> Task: Give back the full listing verbatim, apart from its images.

> Available data:
━━━━━━━━━━━━━━━━━━━━━━━━━━━━━━

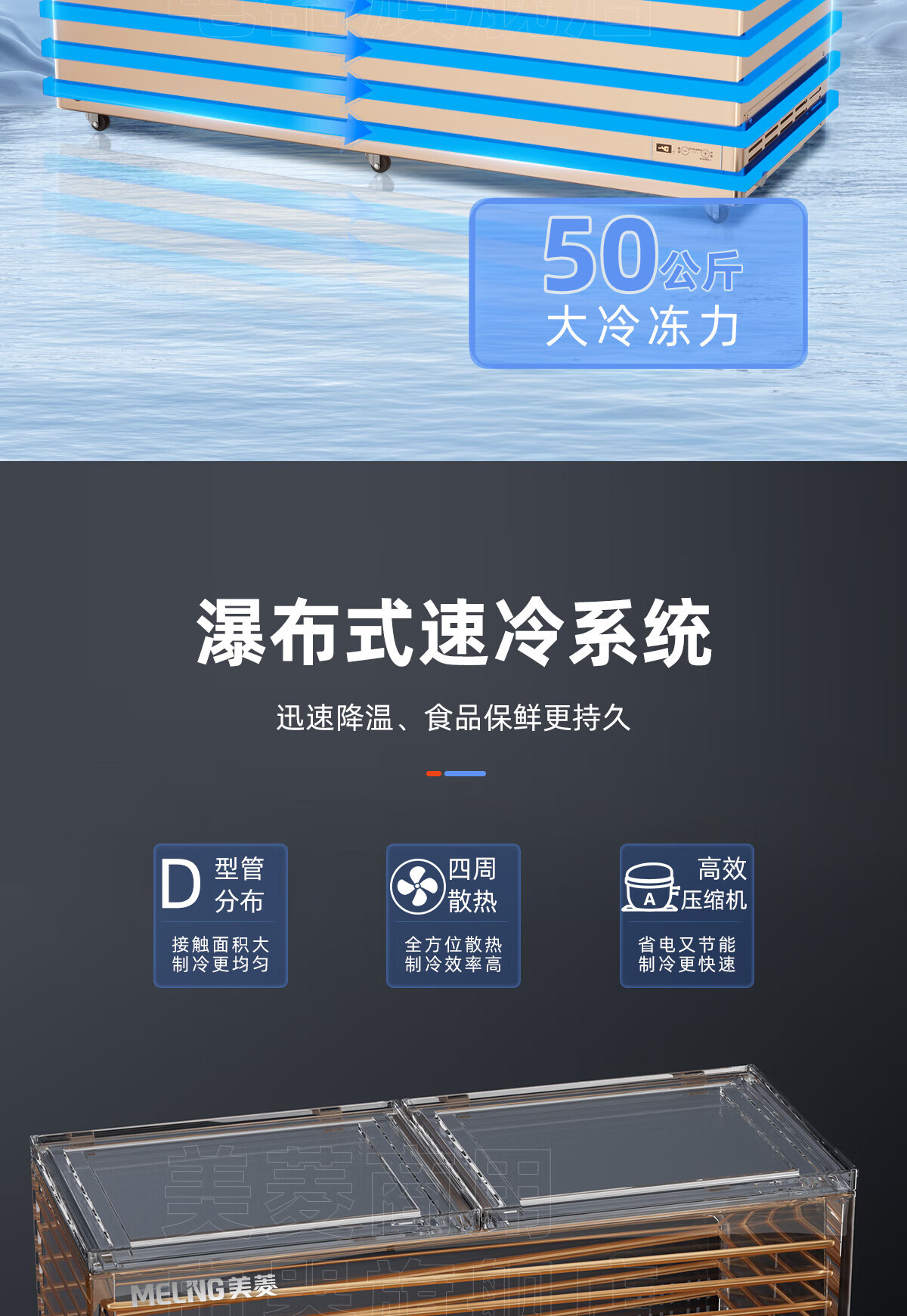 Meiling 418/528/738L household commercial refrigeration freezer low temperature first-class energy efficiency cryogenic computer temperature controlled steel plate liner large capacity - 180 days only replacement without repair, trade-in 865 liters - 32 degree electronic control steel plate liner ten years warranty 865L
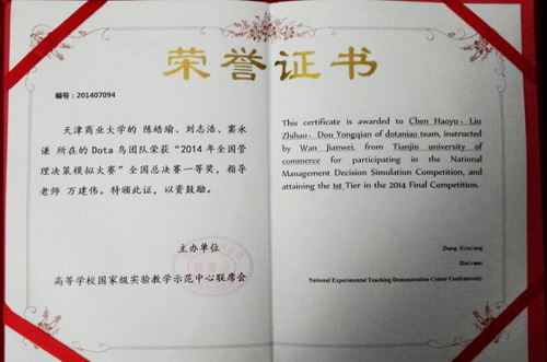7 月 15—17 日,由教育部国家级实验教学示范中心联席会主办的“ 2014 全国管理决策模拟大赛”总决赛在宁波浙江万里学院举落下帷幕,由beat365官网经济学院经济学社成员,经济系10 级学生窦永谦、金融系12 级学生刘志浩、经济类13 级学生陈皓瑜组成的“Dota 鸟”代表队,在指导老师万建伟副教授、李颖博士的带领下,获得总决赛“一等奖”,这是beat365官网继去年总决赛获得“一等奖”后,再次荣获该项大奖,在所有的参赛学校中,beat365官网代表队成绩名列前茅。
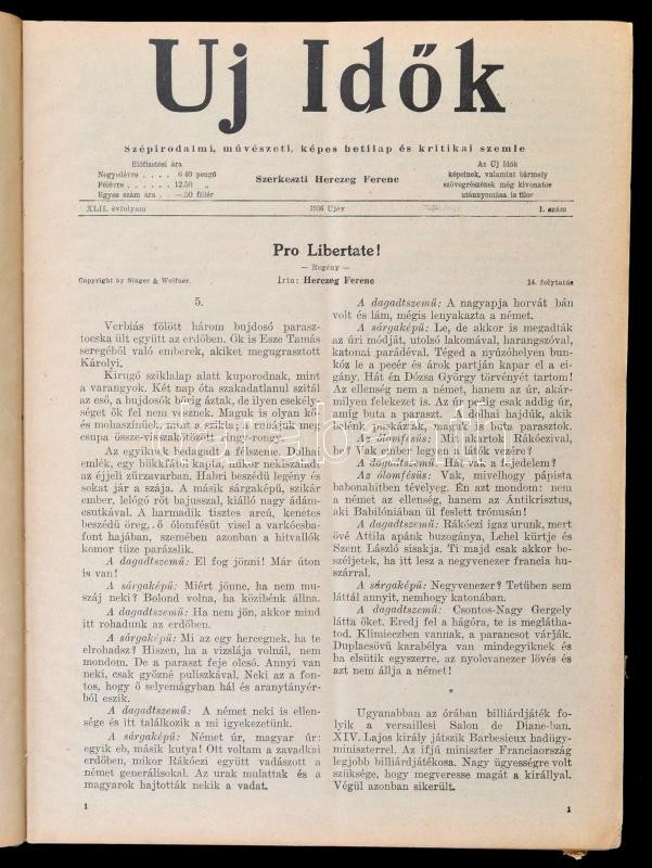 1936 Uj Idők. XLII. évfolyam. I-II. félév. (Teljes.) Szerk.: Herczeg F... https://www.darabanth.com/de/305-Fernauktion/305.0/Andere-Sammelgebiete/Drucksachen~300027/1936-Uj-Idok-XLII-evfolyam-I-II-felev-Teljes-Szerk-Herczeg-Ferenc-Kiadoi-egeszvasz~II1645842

━━━━━━━━━━━━━━━━━━━━━━━━━━━━━━

> Response:
 Meiling 418/528/738L household commercial refrigeration freezer low temperature first-class energy efficiency cryogenic computer temperature controlled steel plate liner large capacity - 180 days only replacement without repair, trade-in 865 liters - 32 degree electronic control steel plate liner ten years warranty 865L
7 月 15—17 日,由教育部国家级实验教学示范中心联席会主办的“ 2014 全国管理决策模拟大赛”总决赛在宁波浙江万里学院举落下帷幕,由beat365官网经济学院经济学社成员,经济系10 级学生窦永谦、金融系12 级学生刘志浩、经济类13 级学生陈皓瑜组成的“Dota 鸟”代表队,在指导老师万建伟副教授、李颖博士的带领下,获得总决赛“一等奖”,这是beat365官网继去年总决赛获得“一等奖”后,再次荣获该项大奖,在所有的参赛学校中,beat365官网代表队成绩名列前茅。
 1936 Uj Idők. XLII. évfolyam. I-II. félév. (Teljes.) Szerk.: Herczeg F... https://www.darabanth.com/de/305-Fernauktion/305.0/Andere-Sammelgebiete/Drucksachen~300027/1936-Uj-Idok-XLII-evfolyam-I-II-felev-Teljes-Szerk-Herczeg-Ferenc-Kiadoi-egeszvasz~II1645842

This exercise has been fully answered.